About this Senior Software Engineer, Integrations role at Element451
Element451
Element451 is building the AI-powered platform reshaping how colleges and universities recruit, enroll, and support students — and integrations are the connective tissue that makes it work. You’ll own the data pipelines, third-party API integrations, and distributed workflows that move student data reliably at scale, with AI built into how you work. It’s a chance to own meaningful systems end to end, treat AI as real craft, and set the standard others in this space measure themselves against.
The Role
You’ll build integration software with full end-to-end ownership — from shaping a pipeline in planning to keeping it stable in production. This is an explicitly AI-forward role: AI tooling is a professional discipline applied across every phase of the work, not a shortcut for generating code. Senior Engineers operate with autonomy, hold their work to a high bar, and lift the quality of the work around them. We’re upfront about that bar because the engineers who thrive here want exactly that.
What You’ll Own
You own the integrations you ship until they’re live and moving real student data correctly. There’s no separate QA function: “done” means work you’ve verified yourself by running real customer records through the integration — not code that merely merges and runs. Day to day, that looks like:
Build and own data pipelines and integration services designed for idempotency, safe retries, and observability from the start.
Treat data integrity as sacred — integrations that silently drop, duplicate, or corrupt records are worse than ones that fail loudly — and catch discrepancies before a client does, pulling in the Integrations Architect on higher-risk changes.
Drive root causes to resolution across incidents, sync failures, and data discrepancies, rather than patching symptoms or papering over a flaky upstream API.
Surface production risks early — schema drift, upstream API changes, rate limits, credential expiry, partial-failure edge cases — before they become incidents.
Generalize fixes that help more than one integration into shared libraries, escalate broad-blast-radius decisions to the relevant Principal Engineer, and drive completed work all the way to release.
On AI: you treat code assistants, test generation, and debugging as core craft, and hold AI-assisted work to the same bar as anything you write by hand — every output reviewed, tested, and owned before merge. Speed never substitutes for judgment, especially in data integrations, where plausible-looking but subtly wrong code corrupts records silently.
How You’ll Show Up
We hire for behavior as much as experience. These are the values we live by and hire for:
Understand the “why” before the “what.” Grasp the real problem before building, and question a requirement that will quietly break for the next client.
Own the outcome. It’s done when it’s live, validated against real data, and stable in production — not at merge.
Take initiative. Move work forward and surface risks while they’re still cheap to fix, without waiting to be told.
Solve problems together. Share openly and treat feedback as a professional input; the best solutions come from the team.
What You Bring
5+ years of software engineering, including senior-level work on data integrations or backend services in a complex, multi-tenant SaaS product.
Strong, current Python for production data pipelines and integration services.
Solid MongoDB — data modeling and query performance across flexible, document-oriented schemas at multi-tenant scale (~140 client integrations).

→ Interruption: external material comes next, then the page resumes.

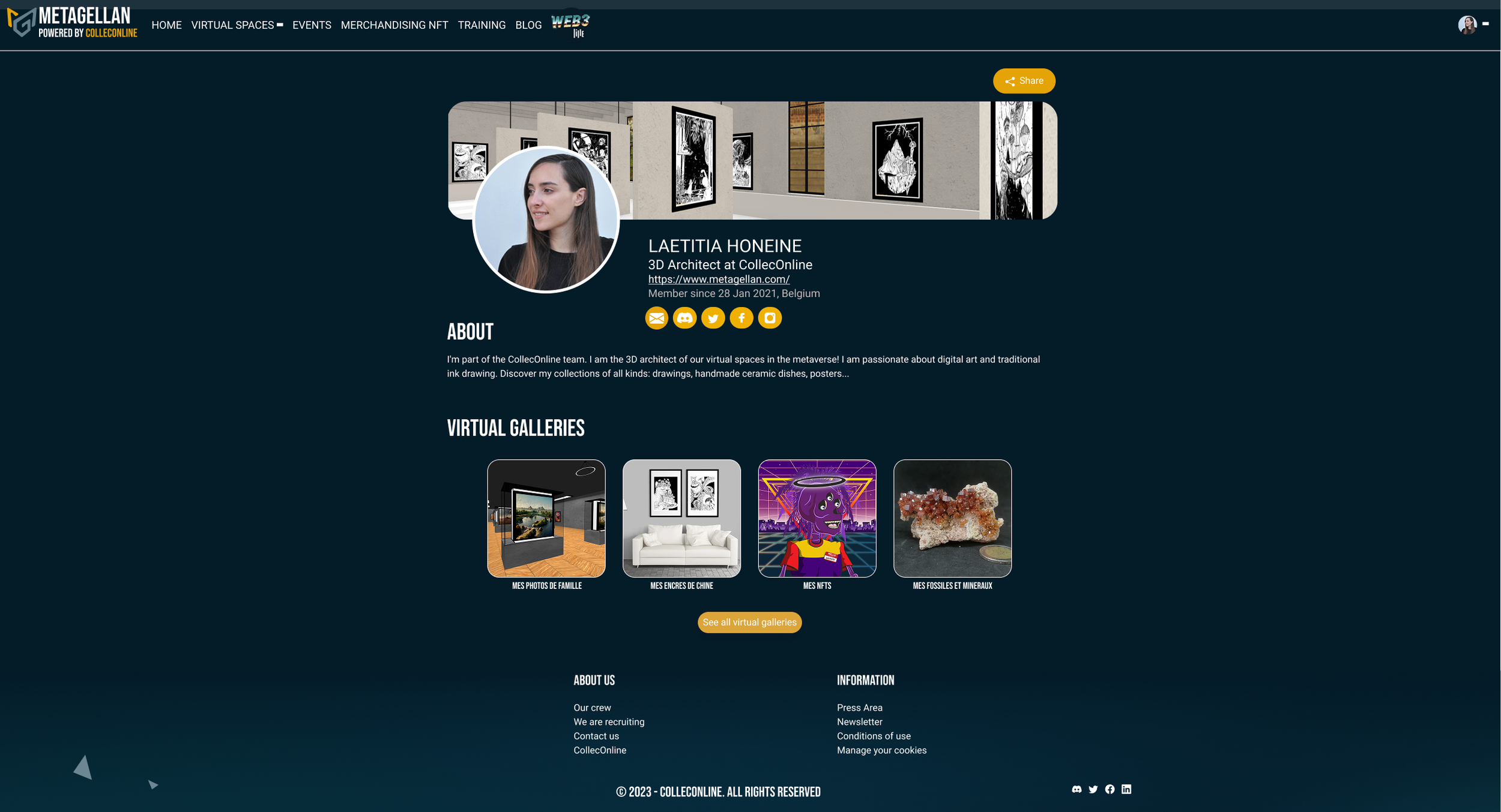Designed for desktop and mobile use, the Metagellan platform allows users to explore 3D exhibitions and immersive spaces directly from their phone, without an app, using only a web browser. The interface supports two navigation modes, Gamer and Classic, adapting to user preferences and enabling intuitive one- or two-thumb control for smooth navigation and interaction.

Distributed systems — async, queue-driven architectures and the realities of partial failure, retries, idempotency, eventual consistency, and backpressure.
Third-party API integrations (Student Information Systems, Stripe, PayPal, Google, Outlook) — auth, pagination, rate limits, and graceful handling of unreliable upstreams.
AWS-hosted environments (secrets management, SQS, workflow orchestration), and comfort in an async-first, PR-based team with rotating production-reliability ownership.
Automated testing across layers, plus sound AI judgment — production experience with OpenAI APIs or comparable LLM platforms is a plus.
Deep, current fluency with agentic AI development tooling (Claude Code, Codex, or comparable), and excellent written communication that stands on its own.
Our Interview Process
Our process is rigorous and designed to be a real signal. Expect live sessions with our engineers where you’ll demonstrate your work and reasoning in real time, including how you apply AI tooling. We move quickly for the right people.